2. The audio data encoding method of claim 1, wherein the determining of the initial scale factor value for each frequency band of the audio data comprises:

determining a maximum scale factor value from among scale factor values for each frequency band of the audio data satisfying a requirement that the quantization error does not exceed the maximum permissible distortion level as the initial scale factor value.

3. The audio data encoding method of claim 1, wherein the determining of the initial scale factor value for each frequency band of the audio data comprises:

adjusting a default scale factor value for each frequency band considering the quantization error according to the default scale factor and the maximum permissible distortion level, and determining the adjusted default scale factor value as the initial scale factor value.

4. The audio data encoding method of claim 1, wherein the determining the final scale factor value comprises:

determining value that is not larger between the initial scale factor value and the predetermined common scale factor value as the final scale factor value.

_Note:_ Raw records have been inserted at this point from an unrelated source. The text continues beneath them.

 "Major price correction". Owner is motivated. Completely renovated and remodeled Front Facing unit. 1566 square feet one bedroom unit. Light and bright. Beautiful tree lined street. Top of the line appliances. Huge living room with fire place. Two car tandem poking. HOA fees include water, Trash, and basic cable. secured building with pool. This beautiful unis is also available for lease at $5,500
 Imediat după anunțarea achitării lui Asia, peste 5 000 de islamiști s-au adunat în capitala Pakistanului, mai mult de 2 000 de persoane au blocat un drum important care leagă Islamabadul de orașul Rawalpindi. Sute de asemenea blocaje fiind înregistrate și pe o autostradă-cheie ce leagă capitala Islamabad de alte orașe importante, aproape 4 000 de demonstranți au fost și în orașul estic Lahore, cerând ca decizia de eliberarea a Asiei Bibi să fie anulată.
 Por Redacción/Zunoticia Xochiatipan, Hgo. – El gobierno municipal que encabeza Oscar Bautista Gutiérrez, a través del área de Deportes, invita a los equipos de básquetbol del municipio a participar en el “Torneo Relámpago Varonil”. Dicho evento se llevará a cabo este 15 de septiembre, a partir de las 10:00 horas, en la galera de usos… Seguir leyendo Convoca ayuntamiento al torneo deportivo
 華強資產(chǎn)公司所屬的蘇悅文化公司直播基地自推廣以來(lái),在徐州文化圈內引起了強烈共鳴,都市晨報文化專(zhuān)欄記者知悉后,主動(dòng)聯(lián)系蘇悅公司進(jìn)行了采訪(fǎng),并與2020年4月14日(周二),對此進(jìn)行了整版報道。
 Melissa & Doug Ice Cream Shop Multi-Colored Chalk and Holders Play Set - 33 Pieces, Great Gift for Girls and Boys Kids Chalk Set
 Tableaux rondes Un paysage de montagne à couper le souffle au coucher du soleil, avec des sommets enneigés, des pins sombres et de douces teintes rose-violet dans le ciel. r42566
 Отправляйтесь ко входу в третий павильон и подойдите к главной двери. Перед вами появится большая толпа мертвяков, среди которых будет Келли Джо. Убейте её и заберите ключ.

5. The audio data encoding method of claim 1, further comprising:

calculating a used bits of the audio data, which is the number of bits necessary to encode the audio data;

determining whether the used bits is larger than a predetermined maximum target bits; and

If it is determined that the used bits is larger than the predetermined maximum target bits, updating the predetermined common scale factor value and proceeding to the comparing the initial scale factor value and the predetermined common scale factor value.

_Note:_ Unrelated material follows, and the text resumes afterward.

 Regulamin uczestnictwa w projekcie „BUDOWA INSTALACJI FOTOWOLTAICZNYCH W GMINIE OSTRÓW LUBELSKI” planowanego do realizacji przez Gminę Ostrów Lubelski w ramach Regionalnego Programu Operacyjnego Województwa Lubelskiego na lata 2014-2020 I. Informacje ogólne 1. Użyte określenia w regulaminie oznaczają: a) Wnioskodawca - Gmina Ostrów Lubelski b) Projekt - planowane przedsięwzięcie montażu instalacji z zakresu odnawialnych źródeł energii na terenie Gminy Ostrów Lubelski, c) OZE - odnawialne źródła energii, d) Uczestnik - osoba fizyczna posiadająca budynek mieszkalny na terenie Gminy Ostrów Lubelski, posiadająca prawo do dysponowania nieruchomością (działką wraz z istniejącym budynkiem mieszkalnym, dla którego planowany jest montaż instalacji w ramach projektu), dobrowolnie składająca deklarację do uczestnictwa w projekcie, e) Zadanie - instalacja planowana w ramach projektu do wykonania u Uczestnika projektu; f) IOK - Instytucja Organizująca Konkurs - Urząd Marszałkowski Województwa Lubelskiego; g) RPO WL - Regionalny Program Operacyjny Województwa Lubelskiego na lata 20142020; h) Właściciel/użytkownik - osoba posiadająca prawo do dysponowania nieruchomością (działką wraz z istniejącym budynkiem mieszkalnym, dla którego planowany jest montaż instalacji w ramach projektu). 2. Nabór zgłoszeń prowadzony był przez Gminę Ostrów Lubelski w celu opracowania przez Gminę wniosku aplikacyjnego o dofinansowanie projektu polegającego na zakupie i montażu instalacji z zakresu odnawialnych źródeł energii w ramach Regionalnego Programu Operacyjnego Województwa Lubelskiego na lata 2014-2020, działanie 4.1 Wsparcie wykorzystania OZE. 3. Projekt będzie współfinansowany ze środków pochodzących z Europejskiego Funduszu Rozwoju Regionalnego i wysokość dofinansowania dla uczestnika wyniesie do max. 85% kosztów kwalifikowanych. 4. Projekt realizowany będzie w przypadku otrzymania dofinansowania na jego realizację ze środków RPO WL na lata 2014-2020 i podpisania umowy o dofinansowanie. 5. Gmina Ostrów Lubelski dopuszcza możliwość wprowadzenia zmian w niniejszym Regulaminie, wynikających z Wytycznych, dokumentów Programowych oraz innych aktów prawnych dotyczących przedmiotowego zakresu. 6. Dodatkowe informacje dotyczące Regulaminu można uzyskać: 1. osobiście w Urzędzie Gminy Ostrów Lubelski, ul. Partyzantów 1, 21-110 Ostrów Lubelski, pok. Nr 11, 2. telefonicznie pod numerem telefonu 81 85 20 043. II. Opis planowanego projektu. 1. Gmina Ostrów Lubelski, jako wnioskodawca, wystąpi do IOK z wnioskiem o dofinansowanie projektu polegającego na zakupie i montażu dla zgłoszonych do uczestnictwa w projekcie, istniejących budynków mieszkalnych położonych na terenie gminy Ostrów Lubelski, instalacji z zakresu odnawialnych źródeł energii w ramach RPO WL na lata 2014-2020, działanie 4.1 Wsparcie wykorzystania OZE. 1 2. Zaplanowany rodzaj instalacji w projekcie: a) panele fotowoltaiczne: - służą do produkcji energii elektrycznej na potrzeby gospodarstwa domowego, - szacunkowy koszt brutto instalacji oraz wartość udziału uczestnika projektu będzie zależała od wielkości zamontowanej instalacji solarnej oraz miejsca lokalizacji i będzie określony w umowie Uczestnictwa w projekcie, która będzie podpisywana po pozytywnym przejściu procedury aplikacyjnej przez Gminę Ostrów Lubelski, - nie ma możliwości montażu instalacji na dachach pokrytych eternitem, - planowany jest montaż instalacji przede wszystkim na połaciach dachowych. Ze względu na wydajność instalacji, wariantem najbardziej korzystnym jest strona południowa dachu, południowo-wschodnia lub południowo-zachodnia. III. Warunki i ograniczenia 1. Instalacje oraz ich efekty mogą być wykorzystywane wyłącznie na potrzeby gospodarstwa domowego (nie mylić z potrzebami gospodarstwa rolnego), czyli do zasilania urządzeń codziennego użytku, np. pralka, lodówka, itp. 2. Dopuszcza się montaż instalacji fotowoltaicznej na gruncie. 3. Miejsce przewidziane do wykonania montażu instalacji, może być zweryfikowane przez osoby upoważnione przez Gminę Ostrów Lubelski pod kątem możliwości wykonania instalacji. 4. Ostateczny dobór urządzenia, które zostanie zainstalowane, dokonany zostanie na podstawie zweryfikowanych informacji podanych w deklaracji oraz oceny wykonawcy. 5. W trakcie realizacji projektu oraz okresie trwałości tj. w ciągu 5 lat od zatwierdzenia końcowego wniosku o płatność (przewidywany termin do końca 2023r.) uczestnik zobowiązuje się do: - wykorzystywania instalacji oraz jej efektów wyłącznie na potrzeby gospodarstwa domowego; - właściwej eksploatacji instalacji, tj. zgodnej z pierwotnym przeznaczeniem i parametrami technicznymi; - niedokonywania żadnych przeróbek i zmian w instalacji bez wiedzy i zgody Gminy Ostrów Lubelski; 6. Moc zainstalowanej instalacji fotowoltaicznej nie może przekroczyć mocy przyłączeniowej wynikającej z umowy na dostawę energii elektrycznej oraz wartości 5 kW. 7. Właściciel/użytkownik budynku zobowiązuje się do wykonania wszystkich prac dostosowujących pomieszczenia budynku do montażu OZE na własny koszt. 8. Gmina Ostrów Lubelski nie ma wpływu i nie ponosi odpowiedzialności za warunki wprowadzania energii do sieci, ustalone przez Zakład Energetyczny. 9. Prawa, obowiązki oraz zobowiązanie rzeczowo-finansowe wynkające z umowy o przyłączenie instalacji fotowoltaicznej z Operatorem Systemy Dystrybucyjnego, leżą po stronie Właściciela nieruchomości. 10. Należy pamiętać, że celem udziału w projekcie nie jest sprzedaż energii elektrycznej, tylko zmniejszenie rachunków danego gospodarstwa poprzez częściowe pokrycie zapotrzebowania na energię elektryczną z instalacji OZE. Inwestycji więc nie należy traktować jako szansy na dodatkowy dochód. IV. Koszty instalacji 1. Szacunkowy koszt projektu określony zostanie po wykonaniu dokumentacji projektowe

6. The audio data encoding method of claim 5, wherein the used bits is initially calculated after the final scale factor value is initially determined.

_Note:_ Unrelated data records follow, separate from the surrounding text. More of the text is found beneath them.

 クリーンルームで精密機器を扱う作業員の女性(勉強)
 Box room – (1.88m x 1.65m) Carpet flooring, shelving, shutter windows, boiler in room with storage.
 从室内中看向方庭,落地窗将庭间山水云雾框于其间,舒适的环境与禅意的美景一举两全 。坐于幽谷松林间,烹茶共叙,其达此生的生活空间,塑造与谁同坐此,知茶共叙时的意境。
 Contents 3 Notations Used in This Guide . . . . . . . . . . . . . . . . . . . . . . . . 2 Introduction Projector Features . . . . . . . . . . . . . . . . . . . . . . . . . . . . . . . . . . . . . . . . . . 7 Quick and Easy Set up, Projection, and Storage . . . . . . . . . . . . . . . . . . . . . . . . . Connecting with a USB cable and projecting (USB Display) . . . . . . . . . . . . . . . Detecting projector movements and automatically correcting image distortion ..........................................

7. An audio data encoding apparatus comprising:

a first scale factor determiner determining an initial scale factor value for each frequency band of the audio data according to a quantization error and a maximum permissible distortion level for each frequency band;

a second scale factor determiner comparing the initial scale factor value for each frequency band and a predetermined common scale factor value and determining a final scale factor value for each frequency band based on a comparison result;

a quantizer quantizing the audio data using the final scale factor value for each frequency band; and

a lossless encoding unit encoding the quantized audio data.

8. The audio data encoding apparatus of claim 7, wherein the first scale factor determiner determines a maximum scale factor value from among scale factor values for each frequency bands of the audio data satisfying a requirement that the quantization error does not exceed the maximum permissible distortion level as the initial scale factor.

9. The audio data encoding apparatus of claim 7, wherein the first scale factor determiner adjusts a default scale factor value for each frequency band considering the quantization error according to the default scale factor and the maximum permissible distortion level, and determines the adjusted default scale factor value as the initial scale factor value.

10. The audio data encoding apparatus of claim 7, wherein the second scale factor determiner determines a value that is not larger between the initial scale factor value and the predetermined common scale factor value as the final scale factor value.

11. The audio data encoding apparatus of claim 7, further comprising:

a used bits calculator calculating a used bits of the audio data, which is the number of bits necessary to encode the audio data;

a bits comparator determining whether the used bits is larger than a predetermined maximum target bits; and

a scale factor updater selectively updating the predetermined common scale factor value and selectively generating a control signal, based on a result determined by the bits comparator,

wherein the second scale factor determiner operates in response to the control signal.

12. The audio data encoding apparatus of claim 11, wherein the used bits is initially calculated after the final scale factor value is initially determined.

13. A computer readable recording medium storing a program for executing a method of any one of claims 1 through 6.